Glover rebounded as best he could and did serve in a few political positions, including in the Massachusetts State Legislature and as a Selectman for Marblehead. One highlight of the post-war years was when President George Washington stopped over in Marblehead and was entertained by his former subordinate.
On January 30, 1797, Glover passed away from hepatitis at the age of 64 and became one of the greatest leaders of the American Revolution you have never heard of.
In the lowest depths of one of the coldest winters in the American Revolution, the Continental Army uncovered the dedication that the core of the military movement had.
Suffering was beyond comparison.
The cause was supply, the crux of many an army before and after the Revolutionary War. The issue started from the top, the quartermaster general position.
“The lack of a competent, effective quartermaster general for the period from October 10, 1777 to May 2, 1778 threatened the Continental Army’s existence more than the enemy” wrote author and historian Herman O. Benninghoff, II.
His bold proclamation is chillingly on-point.
That time frame coincided with the approximately same length of time George Washington’s forces were at Valley Forge.
Nathanael Greene would become Quartermaster General in March 1778 during the encampment at Valley Forge
On January 5, 1778, Nathanael Greene, who would soon be tapped as quartermaster general of the Continental Army, wrote to fellow officer General Alexander McDougall;
“The troops are worn out with fatigue, badly fed, and almost naked.
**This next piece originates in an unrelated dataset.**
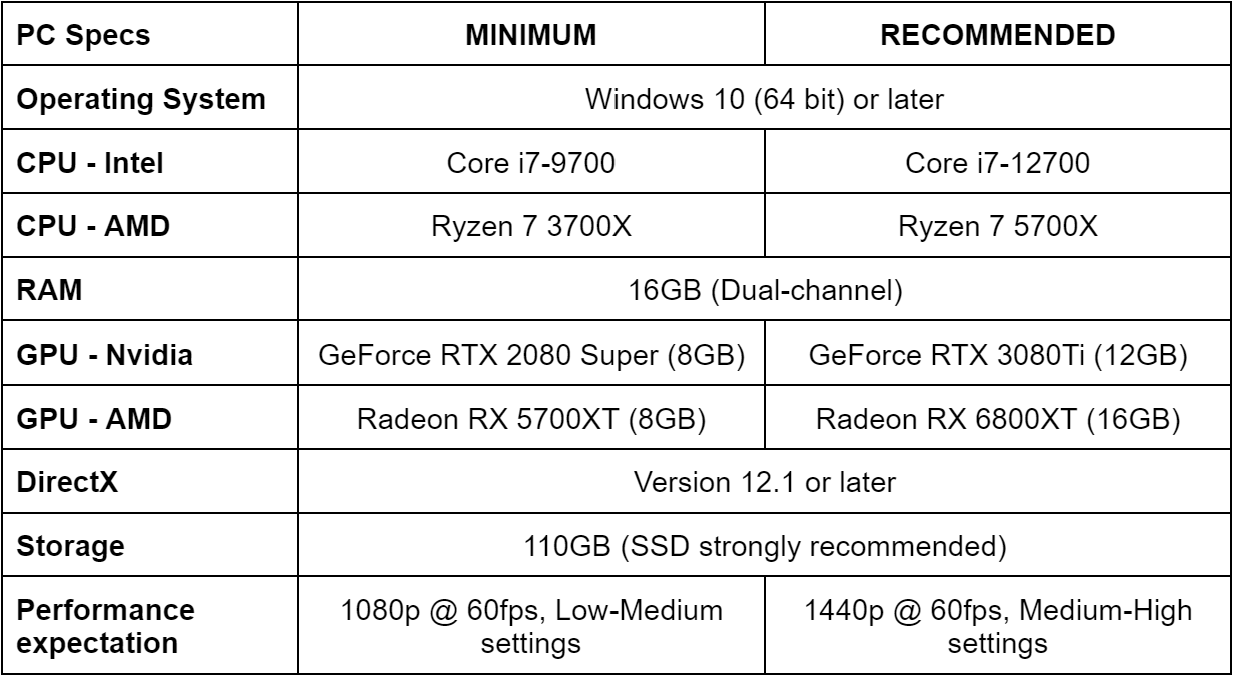 Если вас впечатлили недавно опубликованные требования The Lord of the Rings: Gollum, то Immortals of Aveum расстроит еще больше. Тут для Full HD рекомендуют процессор не слабее Core i7-9700 и Ryzen 7 3700X, видеокарту не ниже GeForce RTX 2080 Super и Radeon RX 5700 XT. Столь серьезная конфигурация должна обеспечить производительность 60 кадров при средне-низких настройках графики. Для формата 1440p разработчики рекомендуют уже GeForce RTX 3080 Ti или Radeon RX 6800 XT. И все это требуется для игры без трассировки лучей. Вероятно, в 4K не обойтись без GeForce RTX 4090 и Radeon RX 7900 XTX.

There are and have been thousands of the Army without shoes for months past. It is difficult to get sufficient supplies to cloath the Army at large.”
Moving directly to Valley Forge from active campaigning, the soldiers arrived with their supplies in a deplorable condition. Shoes had been torn to shreds with the long marches and many of the men had nothing but rags to wrap feet in. Shortly after arriving, the army numbered approximately 12,000 men under arms, yet 4,000 of these men, 1/3rd of Washington’s entire force, was deemed “unfit for duty” because a lack of supplies.
Another 1,100 would desert because of the horrid conditions of the winter encampment; no food, no pay, and barely clothes to keep warm.
Another 2,000 died of disease, including typhus, pneumonia, and other “camp fevers” which categorized a whole assortment of various ailments. Medicine was almost non-existent and lack of proper sanitation played a major role as well.
A delegate to the Confederation Congress was informed by an informant in Valley Forge that “a great portion of the soldiers are in a very suffering condition for want of necessary clothing, and totally unfit for duty.”
The suffering of the soldiers for a want of simple, basic clothing, becomes even more painful with the following realization by John Marshall, serving as an officer at Valley Forge, and the same Marshall who would become the Supreme Court Justice.
“In a desert which supplies not the means of subsistence, or in a garrison where food is unattainable, courage, patriotism, and habits of discipline, enable the soldier…..but to perish in a country abounding with provisions, requires something more than fortitude.”
One artist’s depiction of what the encampment at Valley Forge looked like
That is what is most astonishing, that there were surpluses to be attained, but Continental currency had depreciated to the point that by late 1777 and early 1778 it was at an exchange rate of four Continental dollars to one dollar of hard specie. By 1779 that ratio would be 30 to 1.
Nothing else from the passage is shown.